Kavramsal olarak mümkün olsa bile, maddenin evren içinde bir hacim, bir kütleye
sahip olması gereken minimum bir yer vardır. İşte bu en alttaki temel kök
maddeye atom adı verilir. Hiç bir şey
atomdan küçük olmaz. Atomlar bölünemez ve yok olmazlar. Onlar
yaratılmamıştırlar. Atomların bir niteliği yoktur. Yani ıslak, kuru, sıcak,
soğuk gibi özellikleri bulunmaz. Atomların bileşmesiyle oluşan maddeleri biz
duyularımızla anlarız. Bu nedenle onları sıcak, soğuk gibi sıfatlar yükleriz.
Atomların
belli bir büyüklüğü vardır. Yani uzamda bir yer tutarlar. Sonsuz sayıda olan bu
atomların şekilleri ise farklıdır.
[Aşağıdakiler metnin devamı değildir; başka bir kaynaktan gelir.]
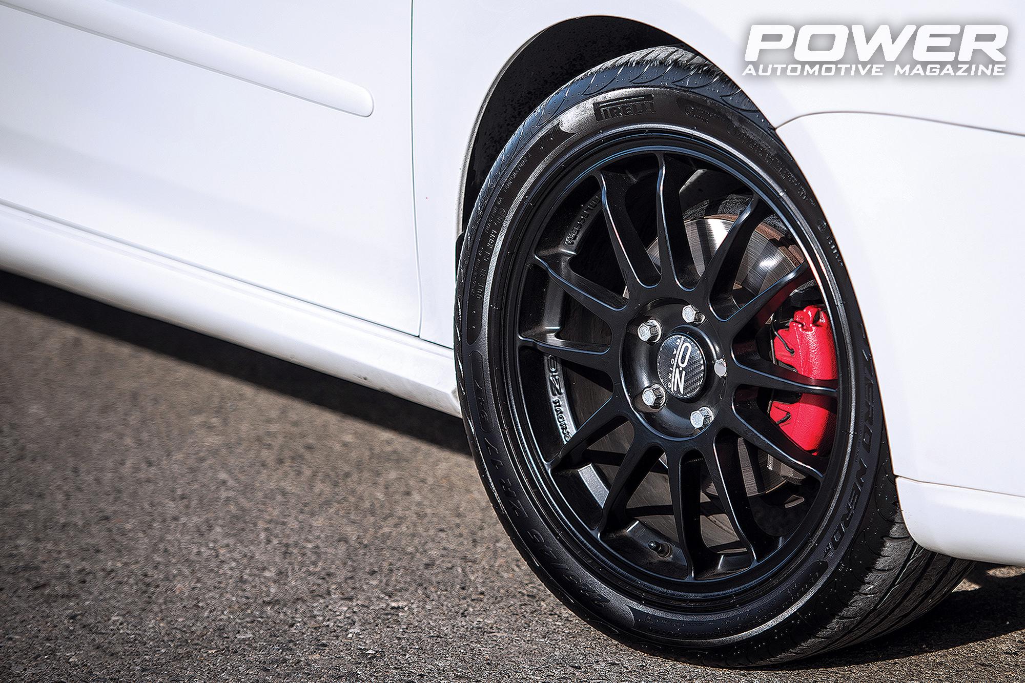 Για τις καθημερινές του μετακινήσεις και δοκιμές, ο Χάρης κυκλοφορεί με Pirelli P Zero Nero σε διάσταση 225/45 με 17in OZ Racing Superleggera που αγοράστηκαν από το Mamas Wheels, όχι και ό,τι πιο extreme σε θέμα απόδοσης τα λάστιχα. Δεν γίνεται να πλησιάσει τους χρόνους της πίστας ειδικά από στάση με δρομίσια λάστιχα, κάτι που φάνηκε από το 14,46sec που κάναμε στην πρώτη προσπάθεια μέτρησης του Golf. Ο Χάρης φλίπαρε με το νούμερο και μας είπε να του δώσουμε 2-3 μέρες περιθώριο να το ετοιμάσει λίγο καλύτερα και να ξαναπατήσουμε. Τη δεύτερη φορά, λοιπόν, ήρθε μόνο με το κάθισμα του συνοδηγού και με semi-slick λάστιχα της Toyo! Πολύ καλύτερο setup για χρόνους! Κάναμε πρώτα τη μέτρηση από στάση, έγραψε 13,81sec με 181,39km/h, με 2,85sec για τα πρώτα 18m και σχεδόν 6sec για το 0-100km/h. Στις roll μετρήσεις με 2η σχέση χρειάστηκε για το 60-160km/h 7,34sec και για το 100-200km/h χρειάστηκε 10,61sec. Φυσικά και δεν μπορεί να πλησιάσει τους χρόνους που κάνει στο dragstrip, αφού εκεί πέφτει επιπλέον ελάφρωμα και μην ξεχνάτε ότι έχουμε και κόλλα και Drag λάστιχα!

Kimi düz kimi yuvarlak kimi çengelli kimi
yassıdır.www.onurcoban.com Bu şekilleri sayesinde birbiriyle uyumlu atomlar birleşir uyumsuzlar
birbirinden uzaklaşır. Birleşen atomlar daha büyük ve gözle görebileceğimiz
maddeleri oluştururlar.
Atomculara
göre boşluk ise vardır. Kendilerinden önceki tekçi ve çoğulcu filozoflar
boşluğun, varlığın zıttı olarak görmeleri ve bu nedenle boşluğun olamayacağını
belirtmelerine karşın, Atomcular buna karşı çıkar. Onlara göre varlığın içinde
boşluk olamaz çünkü varlık doluluktur. Ancak varlığın dışında boşluk olabilir.
Hatta bu gereklidir. Çünkü atomların ve maddelerin birbirinden ayıran boşluklar
olmasaydı her şey tek ve bir olurdu. Bu boşluk sayesinde maddeler bir araya
gelmezler. Boşluğun doluluk olmaması, Atomculara göre gerçek olmadığı anlamına
gelmez. Günümüzde modern bilim bize boşluğun kısmen de olsa gerçek olduğunu
göstermektedir. Ancak atomcuların belirttiğinin aksine evrendeki varlıklarında
içinde boşluk olduğunu biliyoruz. Atomların arasında gerçekten bir boşluk
bulunmaktadır. Neredeyse tüm Dünya hatta evrenin çoğunluğu madde değil
boşluktan oluşmaktadır. Elbette ki bu bilimsel bilgiyi Demokritos bilmiyordu.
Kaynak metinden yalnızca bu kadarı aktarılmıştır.